[WHAT NEEDS TO BE DONE]: Only the lines from the one containing "This men's waxed" through the end of the listing belong in the answer, repeated exactly, with no pictures.
■ ■ ■ ■
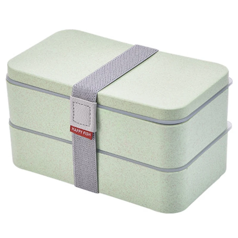 HOT Sale Hot 1200Ml Wheat Straw Double Layers Lunch Box with Spoon Healthy Material Bento Boxes Microwave Fo
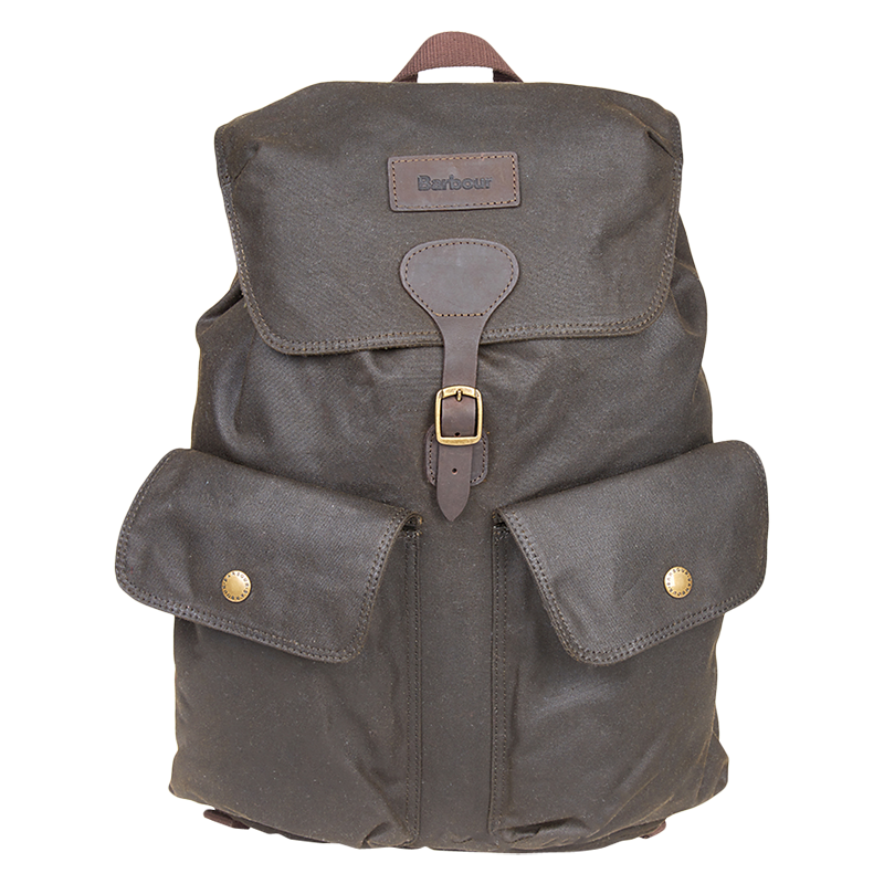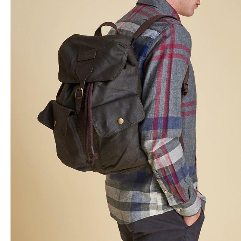 This men's waxed cotton backpack by Barbour has a leather trim to add a touch of refinement to your look.
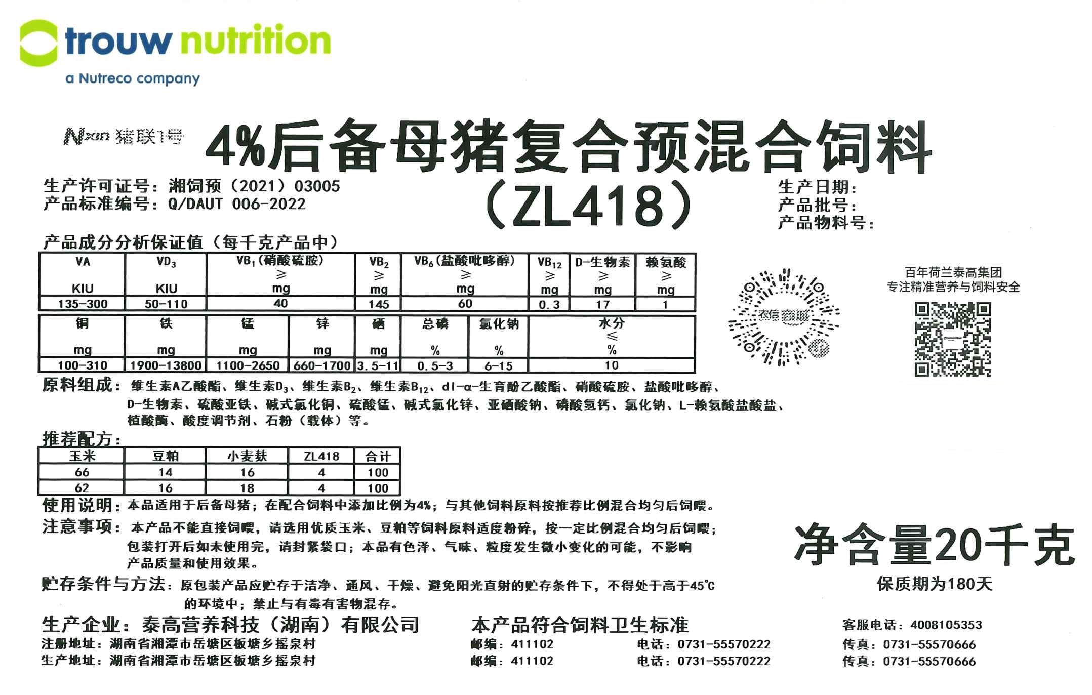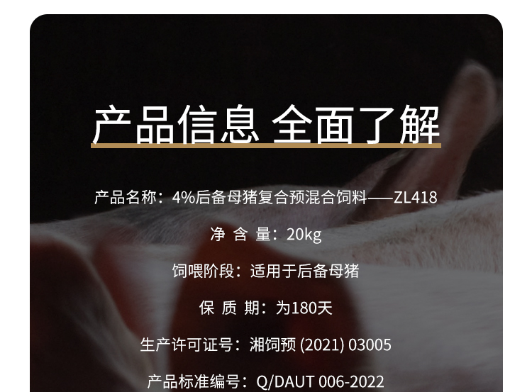 农信优选猪联1号-泰高4%后备母猪预混料ZL418-20
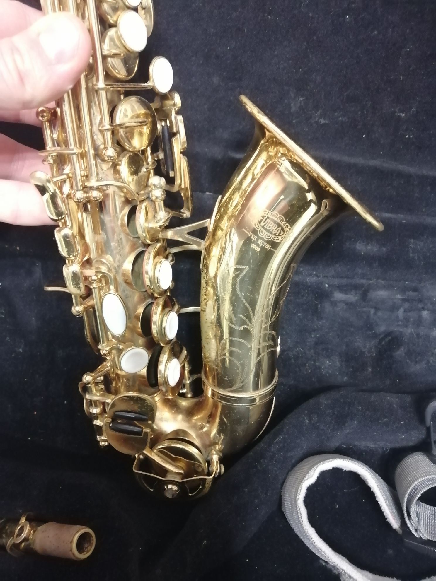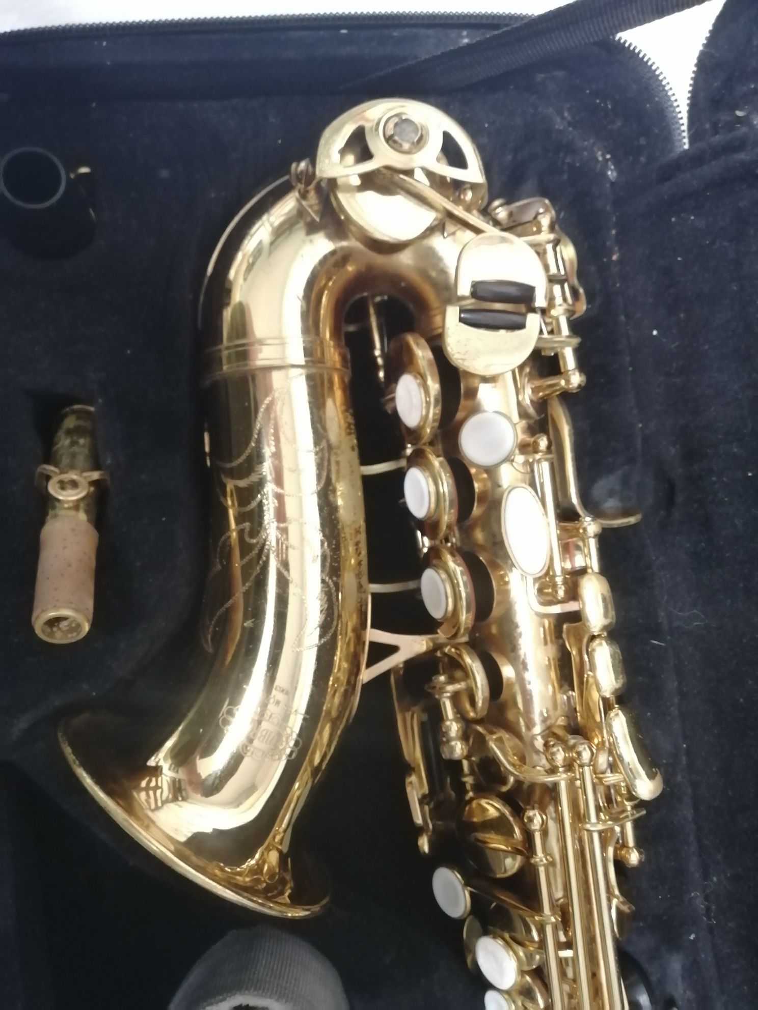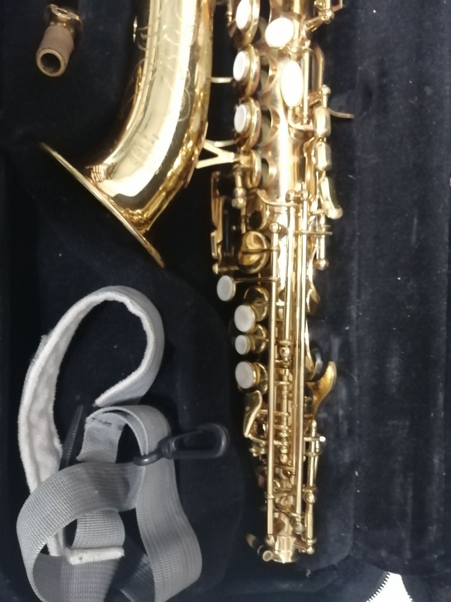 На корпусе саксофона есть потертости (внимательно смотрите фото), которые на качество звука не влияют. Комплектация полная: саксофон, эска, мундштук с лигатурой и колпачком , жёсткий родной фирменный чехол , трости, гайтан, наклейки на мундштук, смазка для пробки. Смотрите фото и видео
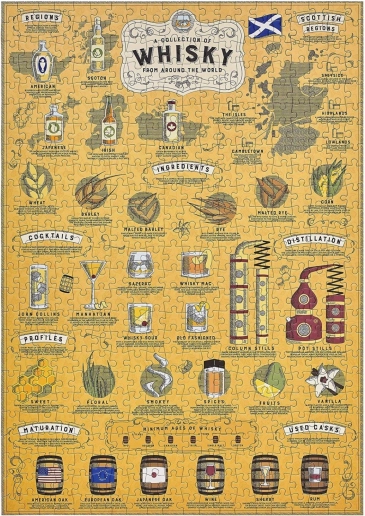 Oplev glæden ved at lægge puslespil med dette unikke sæt, som er perfekt til whisky-elskere. Det indeholder en samling af whiskyregioner, smagsnoter og cocktails, hvilket gør det til et ideelt gavevalg.
■ ■ ■ ■
[COMPLETED EXERCISE]:
 This men's waxed cotton backpack by Barbour has a leather trim to add a touch of refinement to your look.
 农信优选猪联1号-泰高4%后备母猪预混料ZL418-20
 На корпусе саксофона есть потертости (внимательно смотрите фото), которые на качество звука не влияют. Комплектация полная: саксофон, эска, мундштук с лигатурой и колпачком , жёсткий родной фирменный чехол , трости, гайтан, наклейки на мундштук, смазка для пробки. Смотрите фото и видео
 Oplev glæden ved at lægge puslespil med dette unikke sæt, som er perfekt til whisky-elskere. Det indeholder en samling af whiskyregioner, smagsnoter og cocktails, hvilket gør det til et ideelt gavevalg.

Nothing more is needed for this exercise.